[PROBLEM]
Any picture in the data below should be skipped, while every line is repeated exactly.

......

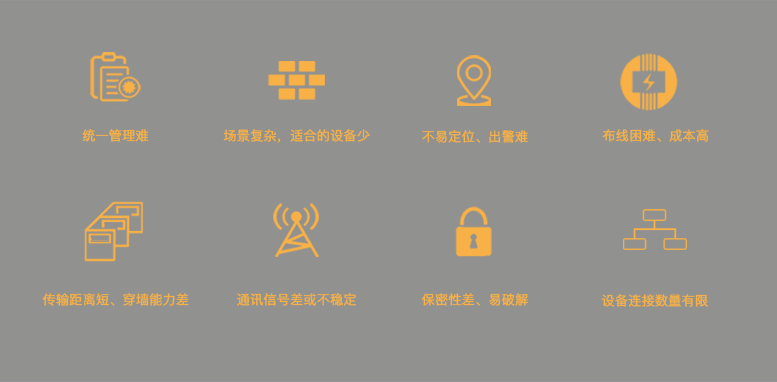 傳統(tǒng)消防產(chǎn)品的問題主要存在于統(tǒng)一管理難,場景復(fù)雜,適合的配備少,不易定位,出警難布線困難、成本高,傳輸距離短,穿墻距離短,穿墻能力差,輸出信號不穩(wěn)定等一系列難題。
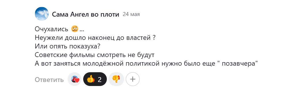 Обещала посмотреть, что пишут в комментариях про идею смотреть советские фильмы в школе. Обсудим)) Честно говоря, правда не понимаю, как это сделать практически. Похоже, что не я одна. Смотрим комментарии наших читателей. Спохватились, полагаю, после того, как мы воспитали поколение и не одно потребителей. Когда мы видим массу нелицеприятных примеров из жизни. Мы поняли, что что-то делаем не так и идём не тем путём, товарищи? Мнение Самой ангела во плоти- Мало того, что современным подросткам не понять ту эпоху, так еще и не понять, куда впихнуть это невпихуемое? Вот ведь вопрос, который НЕ интересует инициаторов идей. Александр Чистилин- Но самое интересное написала Ирина Бублик. Это правда про то, что все просто устали, ничего смотреть не хотят и хотят просто вырваться на свободу. Так ведь ещё и про фильм какую-то бессмыслицу она рассказывает. Сама я не смотрела, но могу предположить, что очень часто старшее поколение боится показаться несведущим в современной жизни, что ли. И пото
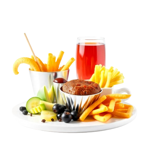 Indulge in the perfect pairing of crispy chips and creamy dips, all washed down with refreshing fruit juice. Elevate your snacking experience and savor every bite.
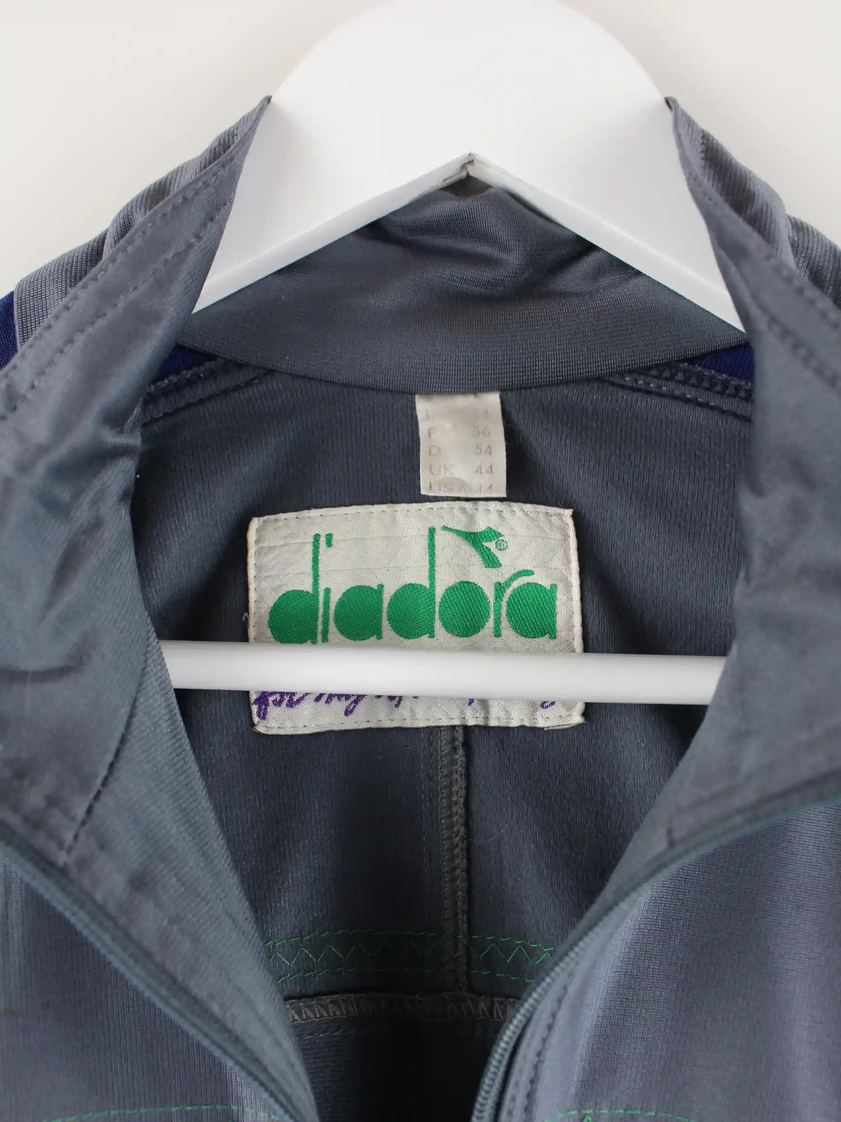 Trainingsjacke der Brand Diadora in Größe XL aus den 90'ern. Sie ist aus Synthetik angefertigt und in Grau im Angebot.
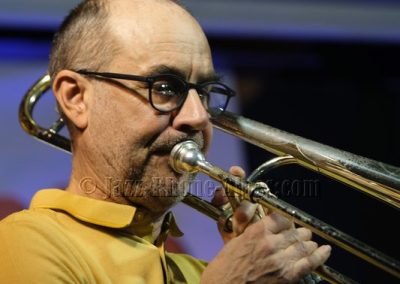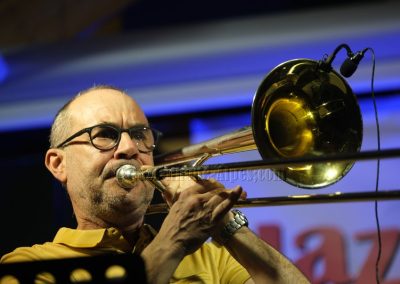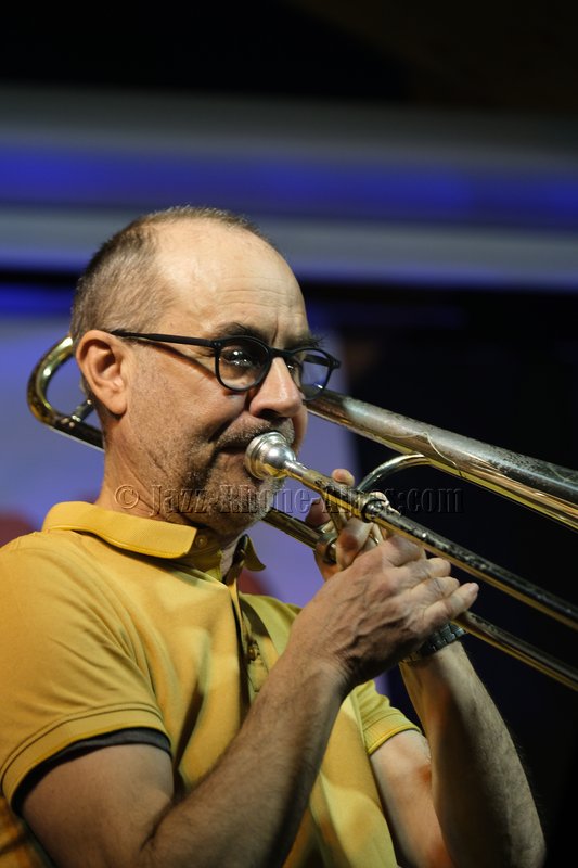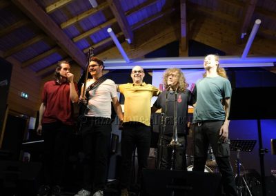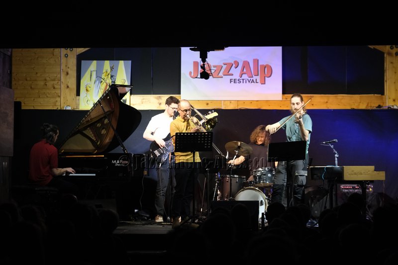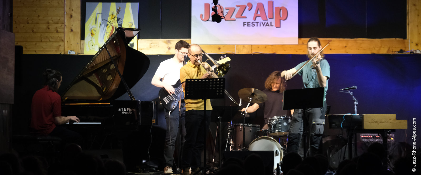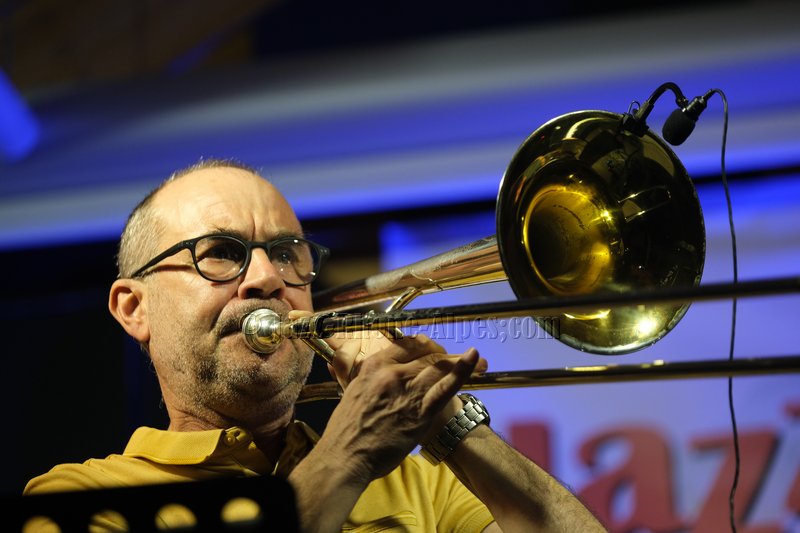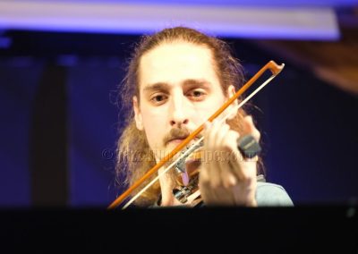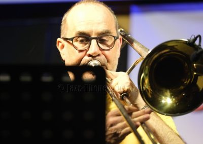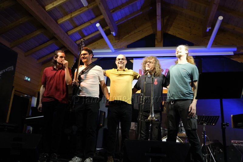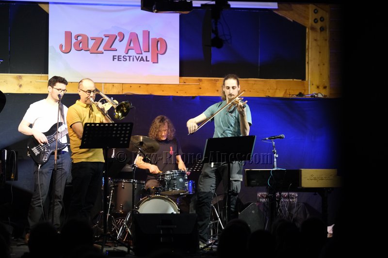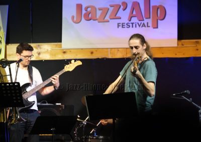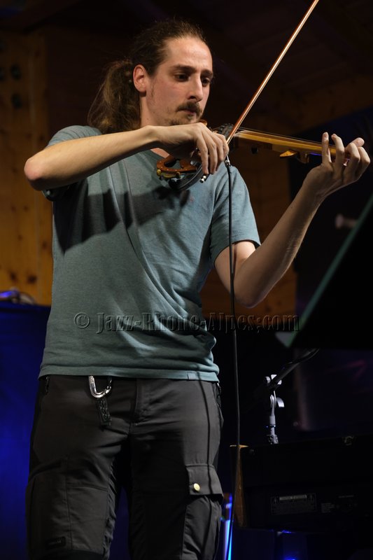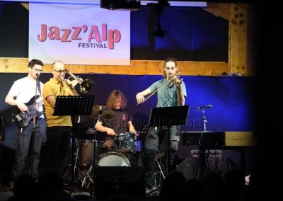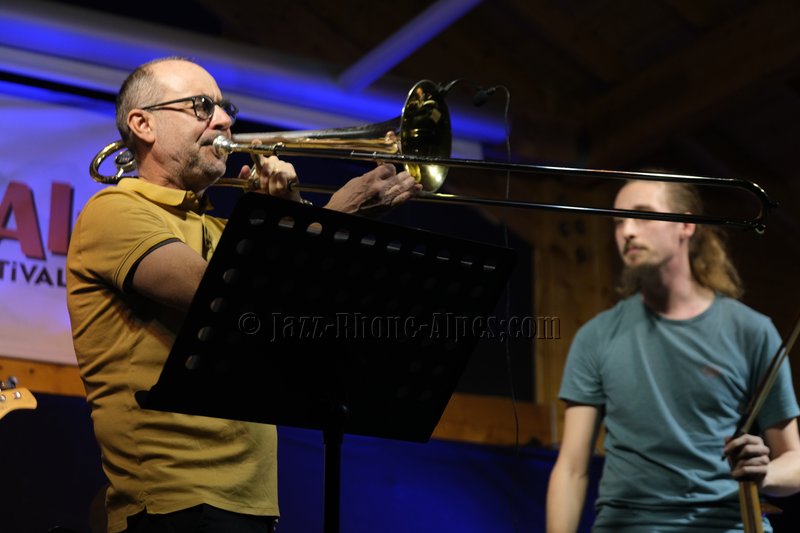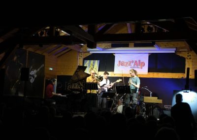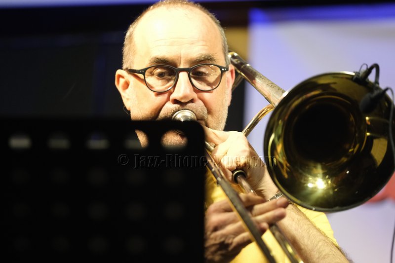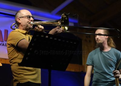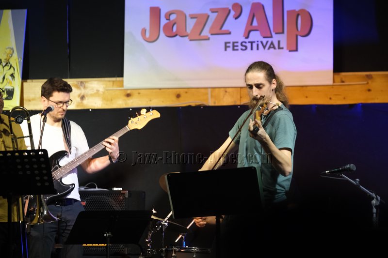 Devant deux solistes : Jean-Charles Souriau au trombone et Léo Cazenave au violon électrique cinq cordes

......

[SOLUTION TO THIS EXERCISE]
 傳統(tǒng)消防產(chǎn)品的問題主要存在于統(tǒng)一管理難,場景復(fù)雜,適合的配備少,不易定位,出警難布線困難、成本高,傳輸距離短,穿墻距離短,穿墻能力差,輸出信號不穩(wěn)定等一系列難題。
 Обещала посмотреть, что пишут в комментариях про идею смотреть советские фильмы в школе. Обсудим)) Честно говоря, правда не понимаю, как это сделать практически. Похоже, что не я одна. Смотрим комментарии наших читателей. Спохватились, полагаю, после того, как мы воспитали поколение и не одно потребителей. Когда мы видим массу нелицеприятных примеров из жизни. Мы поняли, что что-то делаем не так и идём не тем путём, товарищи? Мнение Самой ангела во плоти- Мало того, что современным подросткам не понять ту эпоху, так еще и не понять, куда впихнуть это невпихуемое? Вот ведь вопрос, который НЕ интересует инициаторов идей. Александр Чистилин- Но самое интересное написала Ирина Бублик. Это правда про то, что все просто устали, ничего смотреть не хотят и хотят просто вырваться на свободу. Так ведь ещё и про фильм какую-то бессмыслицу она рассказывает. Сама я не смотрела, но могу предположить, что очень часто старшее поколение боится показаться несведущим в современной жизни, что ли. И пото
 Indulge in the perfect pairing of crispy chips and creamy dips, all washed down with refreshing fruit juice. Elevate your snacking experience and savor every bite.
 Trainingsjacke der Brand Diadora in Größe XL aus den 90'ern. Sie ist aus Synthetik angefertigt und in Grau im Angebot.
 Devant deux solistes : Jean-Charles Souriau au trombone et Léo Cazenave au violon électrique cinq cordes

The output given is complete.